Row-major — each row is already a pre-embedded window (space-separated floats). Use this when you have already computed sliding windows externally.

timeseries_window	next_value
15.07 14.89 14.45 14.30	14.12
14.89 14.45 14.30 14.12	13.97

Column-major — each row is one scalar observation. Ludwig converts to windows automatically via window_size (inputs) and horizon (outputs).

timestamp	temperature
2024-01-01	15.07
2024-01-02	14.89
2024-01-03	14.45
...	...

Column-major is the most common format for real-world timeseries data and is the recommended starting point.

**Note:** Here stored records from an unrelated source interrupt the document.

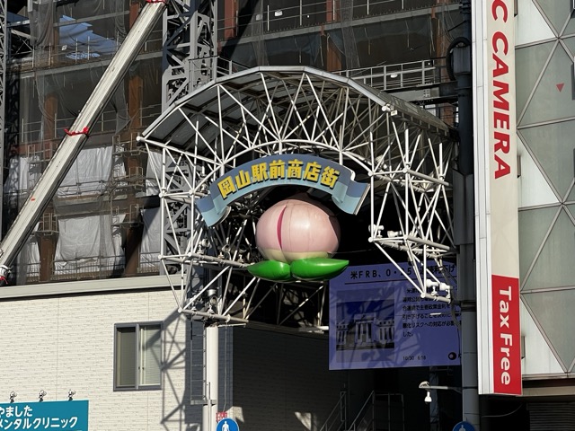 抵達岡山車站以後,接著要前往岡山城,等紅燈的時候看到對面的岡山車站前商店街的水蜜桃招牌
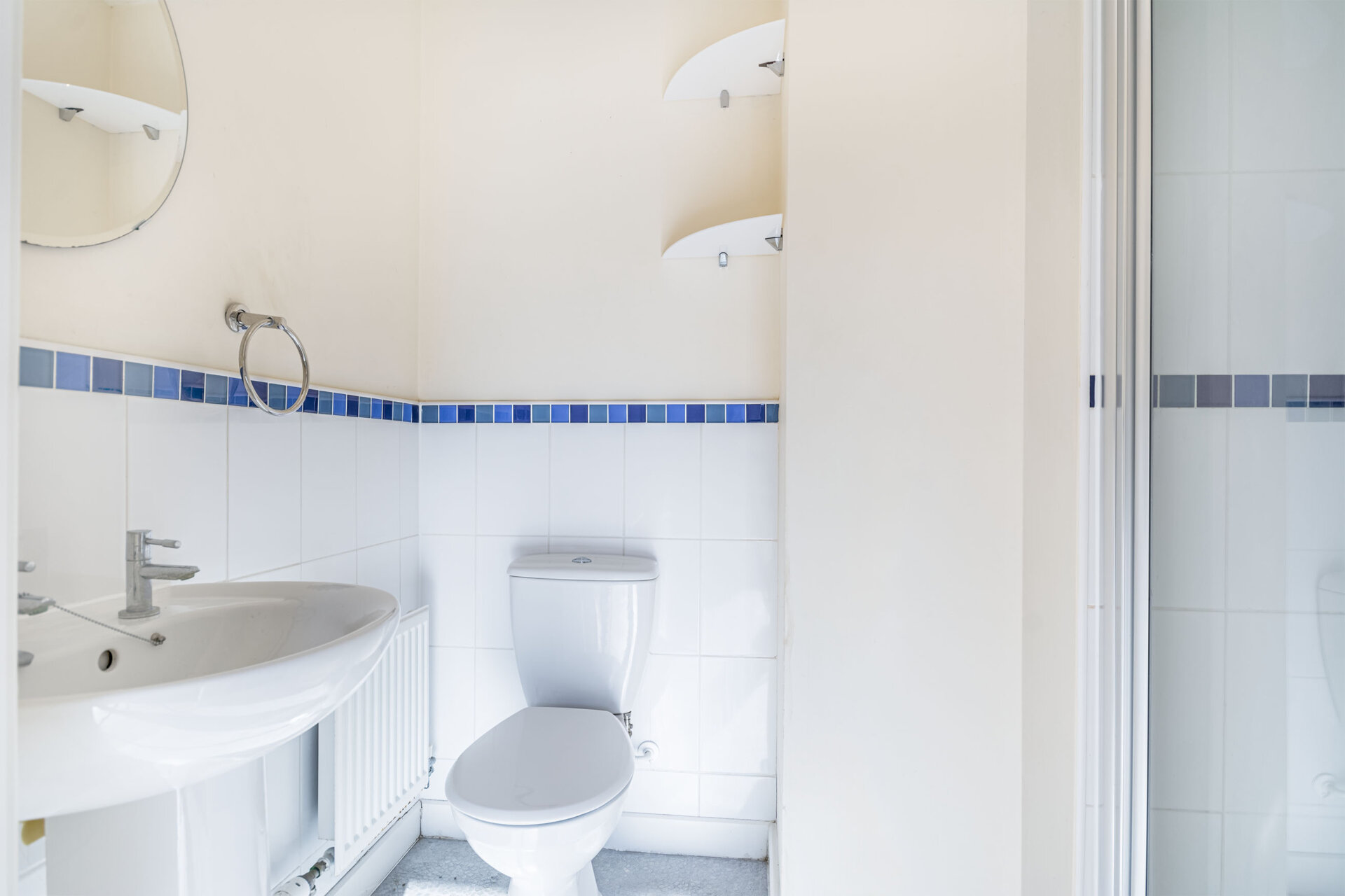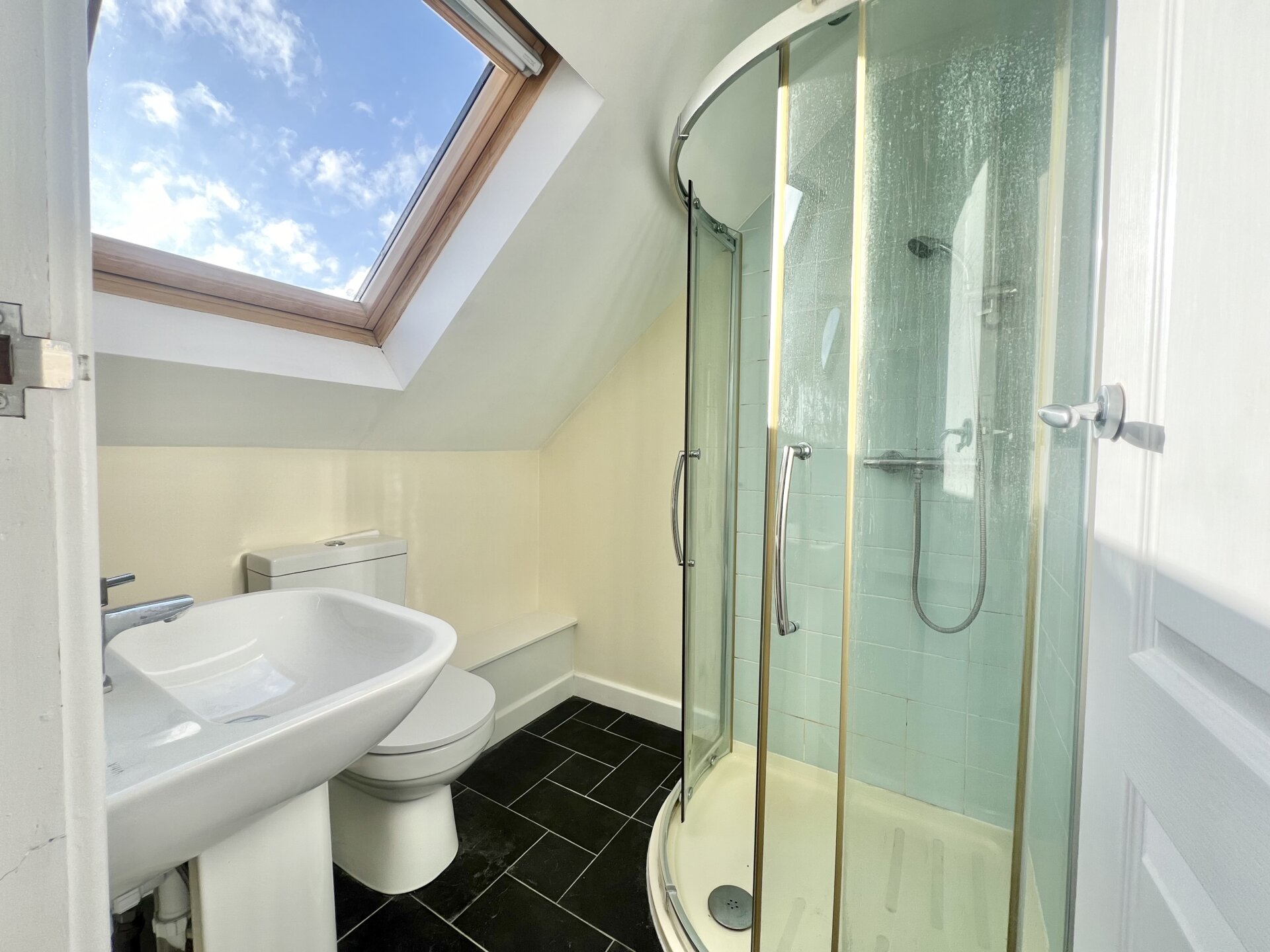 Walk-in shower cubicle with shower from the mains, low flush w.c, pedestal wash hand basin, tiled walls and splashbacks, radiator, extractor fan.
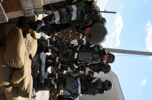 Master Sgt. Ivan Candelario, 916th Civil Engineers, works with a team of Seymour Johnson Airmen on post-reconnaisance attack procedures during the wing's Operational Readiness Exercise this week in Savannah. (USAF photo by TSgt. Scotty Sweatt, 916ARW/PA)
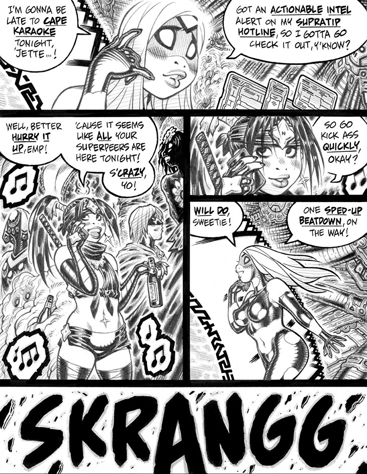 Panel 2: Yeahp, pretty much all of Emp's superpeers are on hand for cape karaoke tonight. You, uh, might want to keep this in mind for future reference, dear readers.
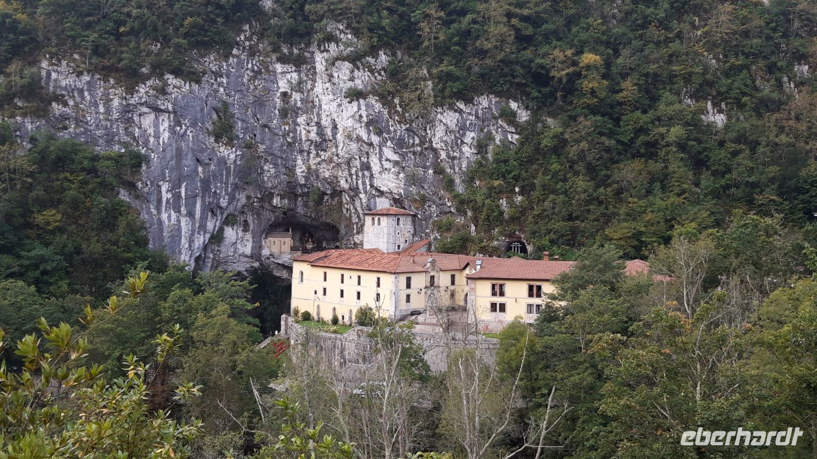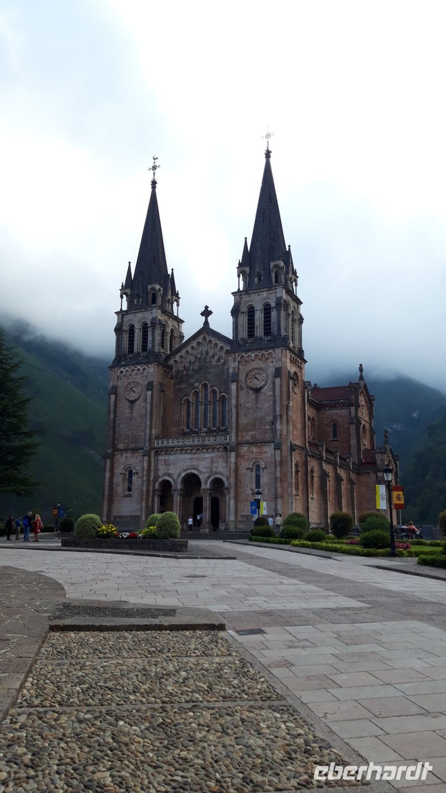 Das schöne Hotel am Meer müssen wir leider nach einer Nacht schon wieder verlassen, dafür geht es noch einmal zurück in den Nationalpark Picos de Europa, genauer gesagt nach Covadonga. Der Wallfahrtsort mitten in den Bergen ist schon seit Jahrhunderten wichtiger Anlaufpunkt der Jakobspilger auf dem Camino del Norte. Hier soll es zudem gewesen sein, wo der Gotenfürst Pelayo sich 722 erfolgreich gegen die maurischen Besatzer aufgelehnt hat und somit den Anfang der Reconquista, sowie das Königreich Asturien begründete. Wie sich die Begebenheit tatsächlich zugetragen hat, das kann heute keiner mehr nachvollziehen, sicher ist nur, dass sich die christliche und die maurische Version der Geschichte doch deutlich voneinander unterscheiden. Wie auch immer die Wahrheit gewesen sein mag, die wundertätige Jungfrauendarstellung wird auch von uns begutachtet, genauso wie die zugehörige neuromanische Kirche, die im 19. Jahrhundert aufgrund des erhöhten Pilgeraufkommens erbaut wurde.
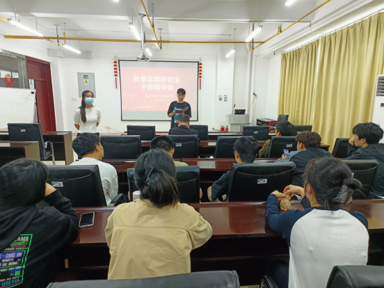 于2025年9月25日在崇真楼南楼6013召开秋季学期研究生干部培训会。全体研究生干部参加会议,会议由研究生辅导员主持。
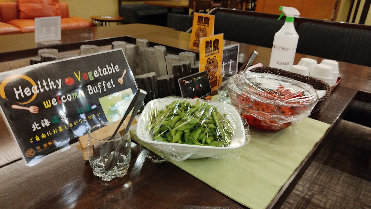 ロビー中央にある囲炉裏の前にはウェルカムドリンクならぬ ウェルカムヘルシーブッフェが御座いましてプチトマトと枝豆が置かれておりました。
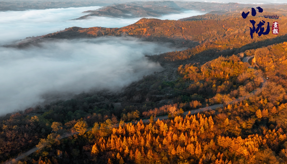 冬日暖陽下,大片的林海層林盡染,金黃、橙紅、橘紅等色彩和云霧交織,五彩繽紛、斑斕如畫。

Column-major example (recommended)¶

Dataset¶

A CSV where each row is one observation:

timestamp,temperature
2024-01-01,15.07
2024-01-02,14.89
2024-01-03,14.45
...

The timestamp column is not required by Ludwig — only the numeric series column is needed.

Config¶

input_features:
  - name: temperature
    type: timeseries
    preprocessing:
      window_size: 24      # look back 24 steps
      padding_value: 0.0

output_features:
  - name: temperature       # same column name — Ludwig aligns input windows with output targets
    type: timeseries
    preprocessing:
      horizon: 6            # predict 6 steps ahead
    decoder:
      type: projector
    loss:
      type: huber

trainer:
  epochs: 50
  batch_size: 128
  optimizer:
    type: adam
    lr: 0.001

Training¶

ludwig train \
  --dataset temperature.csv \
  --config config.yaml \
  --output_directory results

Or with the Python API:

import pandas as pd
from ludwig.api import LudwigModel

df = pd.read_csv("temperature.csv")
model = LudwigModel("config.yaml")
results = model.train(dataset=df)
print(f"Model saved to {results.output_directory}")

Forecasting¶

After training, generate future predictions from a seed dataset:

model = LudwigModel.load("results/experiment_run/model")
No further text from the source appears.